Newswise — Spine surgeons in the U.S. perform more than 400,000 spinal fusions each year as a way to ease back pain and prevent vertebrae in the spine from wiggling around and doing more damage. However, reports estimate that on average some 30% of these surgeries fail to weld these vertebrae into a single bone, causing continued back pain.
Now, after reviewing 16 studies in humans and 17 in animals that tested three types of electrical stimulation — one implanted and the others worn — Johns Hopkins researchers have determined that only using an implanted direct current stimulation device worked successfully in both animals and people. Direct current stimulation devices are implanted under the skin next to the spine during the fusion procedure and remain in place for the six to nine months of recovery, and then are removed.
Patients who received these devices were more than twice as likely to have their vertebrae fuse successfully, and the rate was higher in animals. While this implanted device seems to be a helpful tool for surgeons, it may not allow for MRIs, and the devices do have a small risk of infection, discomfort and immune reaction.

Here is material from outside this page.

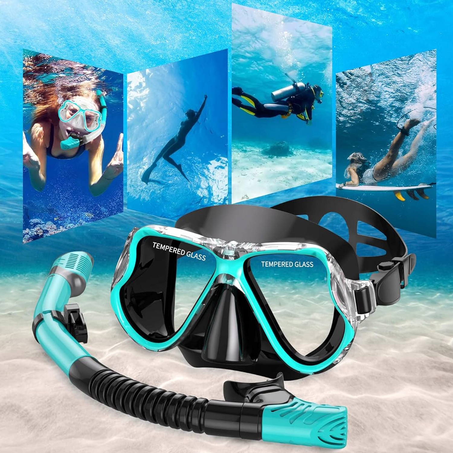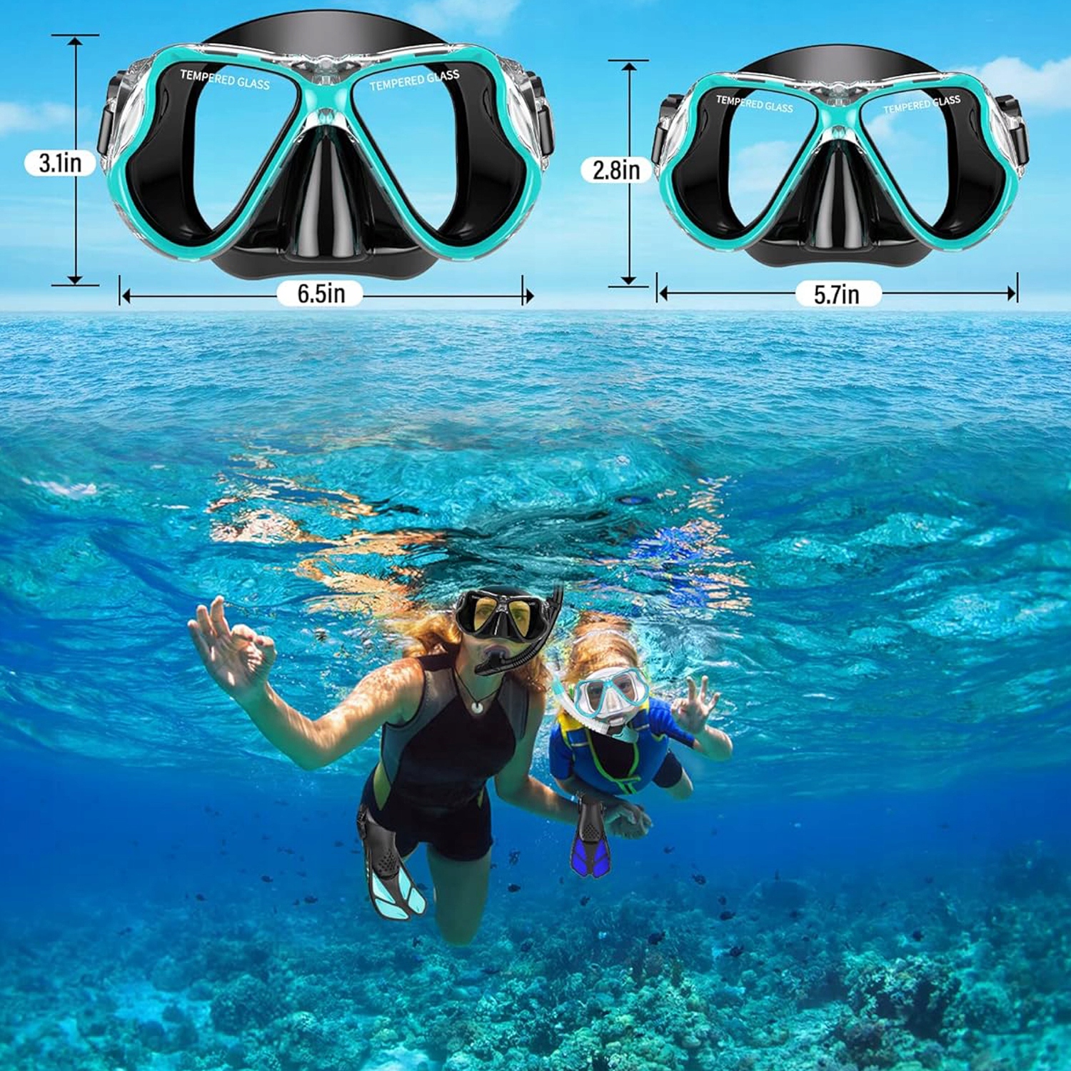 Маска для сноркелінгу має структуру з чотирма вікнами, загартованими скляними лінзами та низькою алергією силіконової спідниці, яка витримує тиск під водою під час дайвінгу та сноркелінгу, забезпечуючи найвищий комфорт. Спідниця для дайвінгу була розроблена з м'якого та гнучкого силікону, а силіконова маска їжі може створити водонепроникну ущільнювач з обличчям кожного водія, ідеально пристосовуючись до рота без запаху.

“Although the direct current stimulating device is more invasive because it’s implanted, there is 100% compliance,” says author Ethan Cottrill, M.S., an M.D./Ph.D. candidate at the Johns Hopkins University School of Medicine. “The other two devices we analyzed have to be worn and there is a higher risk that patients might forget to use it, making it potentially less effective.”
The findings were published Oct. 8 in the Journal of Neurosurgery: Spine.

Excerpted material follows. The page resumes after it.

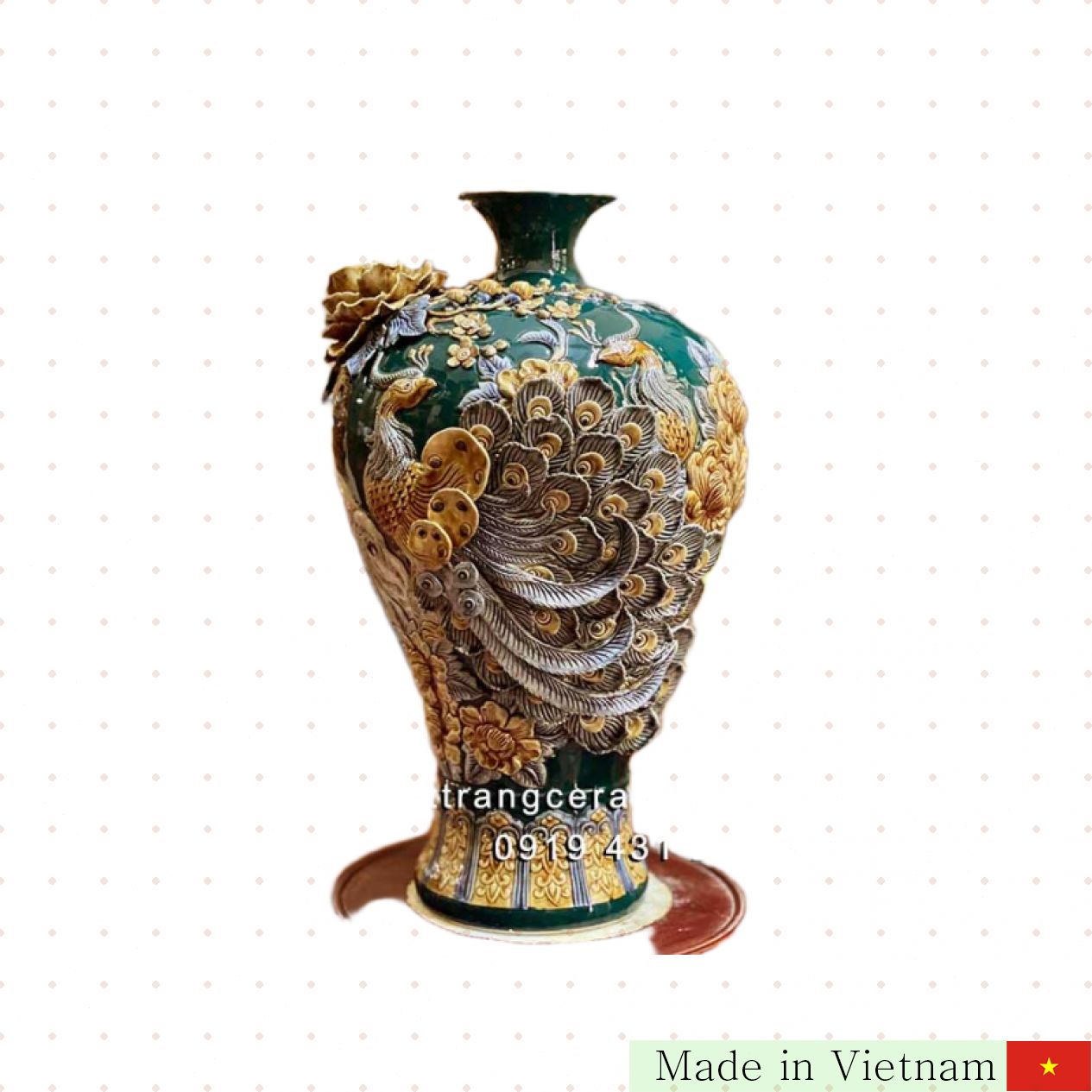 마이 병 적록은 화려한 공작과 복숭아꽃을 입체적으로 장식한 48cm 크기의 고급 도자기 제품입니다. 이 아름다운 작품은 단순한 인테리어 소품을 넘어, 재물과 행운을 끌어들이는 풍수 보물로 큰 사랑을 받고 있습니다. 집이나 사무실에 놓으면 긍정적인 에너지가 가득하며 성공과 번영을 돕습니다.

Because each electrical device can cost around $5,000, the researchers only recommend that people at high risk for failed fusion procedures get them, such as older patients, people with prior failed fusions, and those who have diabetes or who smoke.
Other authors on the publication include Zach Pennington, A. Karim Ahmed, Daniel Lubelski, Matthew Goodwin, Alexander Perdomo-Pantoja, Erick Westbroek, Nicholas Theodore, Timothy Witham and Daniel Sciubba, all from the Department of Neurosurgery at Johns Hopkins.
The researchers don’t have funding to report for this work.
Goodwin consults for Augmedics and ROM3, has an ownership stake in AOSpine/NREF and receives royalties from Kendall Hunt. Theodore receives royalties from DePuy and Globus Medical Inc. and consults for Globus. Witham receives funding from Eli Lilly and Company and consults for DePuy Synthes Spine. Sciubba consults for Baxter, DePuy Synthes, Globus, K2M, Medtronic, NuVasive and Stryker.